Thursday, December 15, 2005

Can I be completely honest with myself and still be a Christian? - part III


It's not obvious whether there's a God or not... that makes me mad.

This definitely leans in favor of those who figure He doesn't exist. If it were my druthers, I'd have him hovering over a temple somewhere, maybe in the Middle East or Africa or Utah. We could all travel (like to Mecca) and talk to Him there and ask Him questions and plead with him to do us favors or heck - maybe just worship him or something... maybe even bring him gifts, or thank him for life or ask him to heal our sick children... you know.... basic things like that.

...but maybe that's a time to come.... maybe we aren't in the know because of some kind of time-span we're in where God and man are just separated and aren't able to know each other... maybe he's just decided to abandon us... maybe he has.

...more than likely, I'll have to admit, God just isn't there. He's not obvious because He doesn't exist. He is only a mythological outcropping of our imaginations. That seems very reasonable.

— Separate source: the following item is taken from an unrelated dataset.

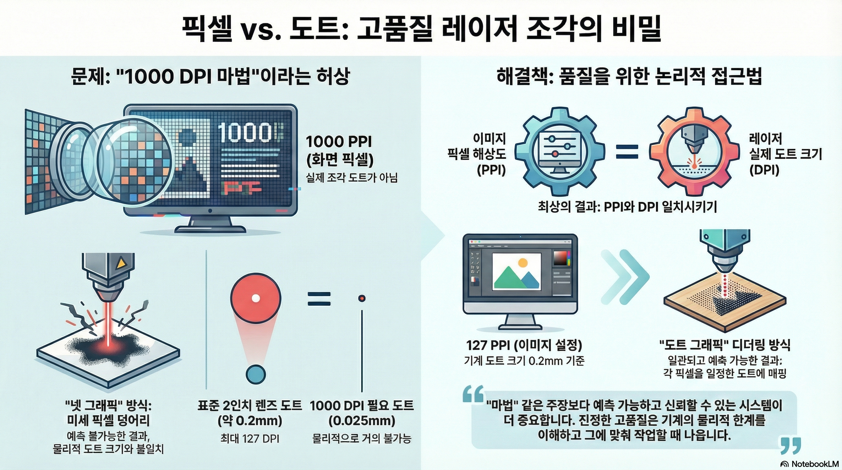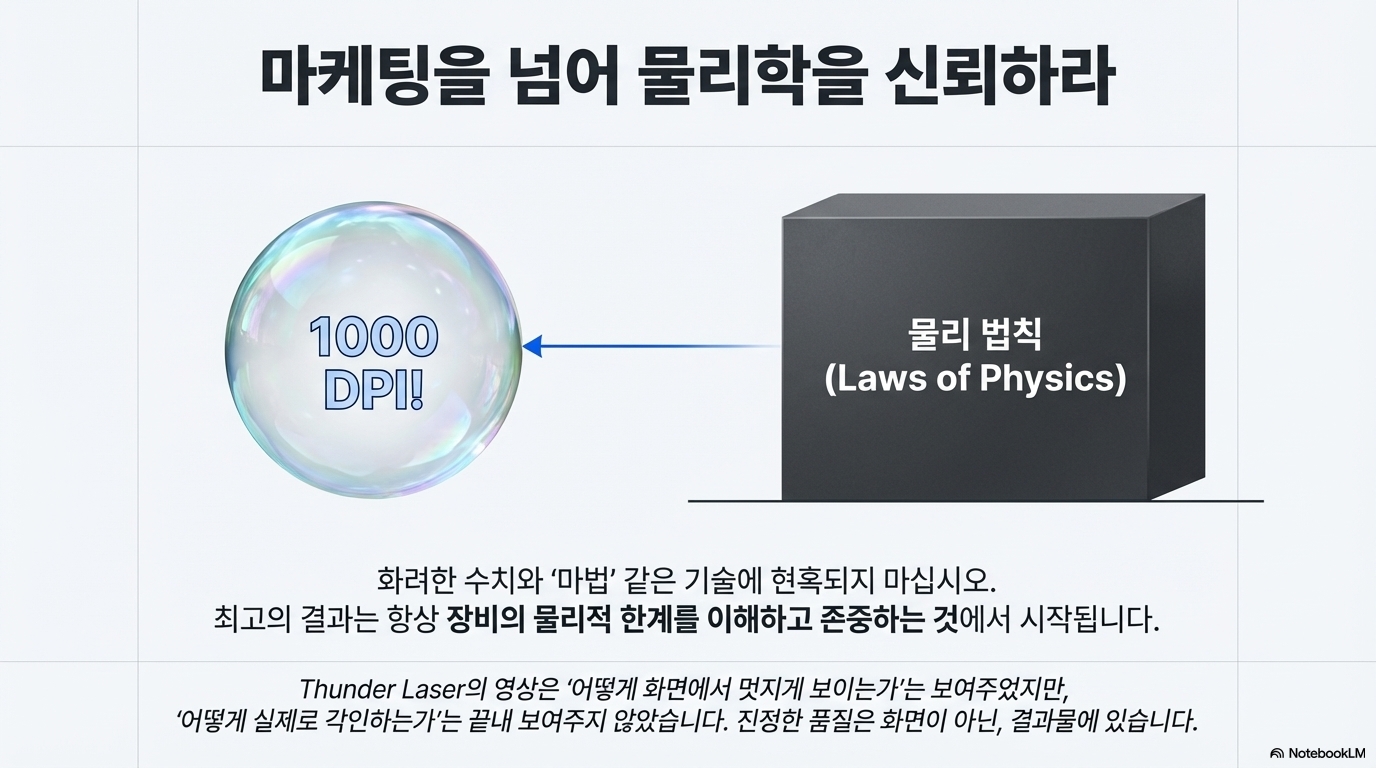 결론적으로, 썬더 레이저의 1000 DPI 주장은 기계의 실제 물리적 출력 능력(DPI)을 반영한 것이 아니라, 소프트웨어의 입력 해상도(PPI)에 초점을 맞춘 마케팅 전략입니다. '넷 그래픽' 방식은 예측이 어렵고, 물리적 현실에 기반한 전통적인 방법에 비해 양질의 결과물로 변환하기가 매우 까다롭습니다. 분석가의 마지막 평가는 단호합니다. "그들은 한 가지를 주장하고, 실제로는 다른 것을 하고 있습니다."
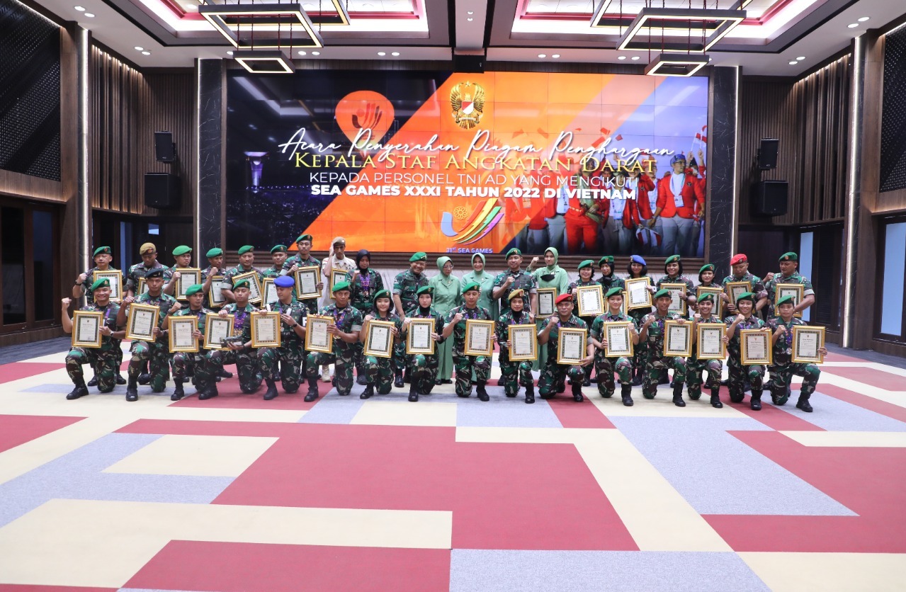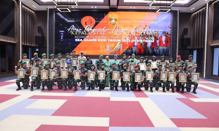 JAKARTA – Kepala Staf Angkatan Darat (Kasad) Jenderal TNI Dudung Abdurachman, S.E., M.M., memberikan penghargaan kepada 34 personel TNI AD yang turut berjuang mengharumkan nama bangsa diajang olahraga SEA Games ke-31 di Hanoi Vietnam. Acara penyerahan penghargaan dilaksanakan di Aula Djati Koesomo Mabesad Jakarta, Senin (30/5/2022).

If I were cast onto a desert isle and found myself awake but with amnesia, after a certain amount of time, I think I would start calling out to the sky, and hope that some great big something/someone/other could hear me and maybe even come to rescue me and give me help and answers to questions I might have.

I might even start imagining that I could sense or tell when His invisible presence was watching me or not. If I had a wife and other people on the isle with me and I beat her and then felt bad about it (because I could relate that, "geez, I myself wouldn't want to be beaten") I might even want my bad deed to be wiped out and forgotten by this unseen omnipotent God that I was imagining. I might even create some kind of system where for every bad thing I did, I would give up some good thing (chop off my finger, sacrifice a goat, etc.) to make things even again with the universe (my mind, and my God.) I could even become a secret representative of my God and tell others that they have to do what I tell them or I'll get my God angry and after them. But if they pay me money (or goats or sex or something good) I could then appease this God for them and everyone would be happy.

Geez... this all sounds about like how I would expect a society to develop. If Lord of the Flies had a part two, it would've developed into something like this (had the Adults of course not stepped into the course of their history - calling the whole thing off.)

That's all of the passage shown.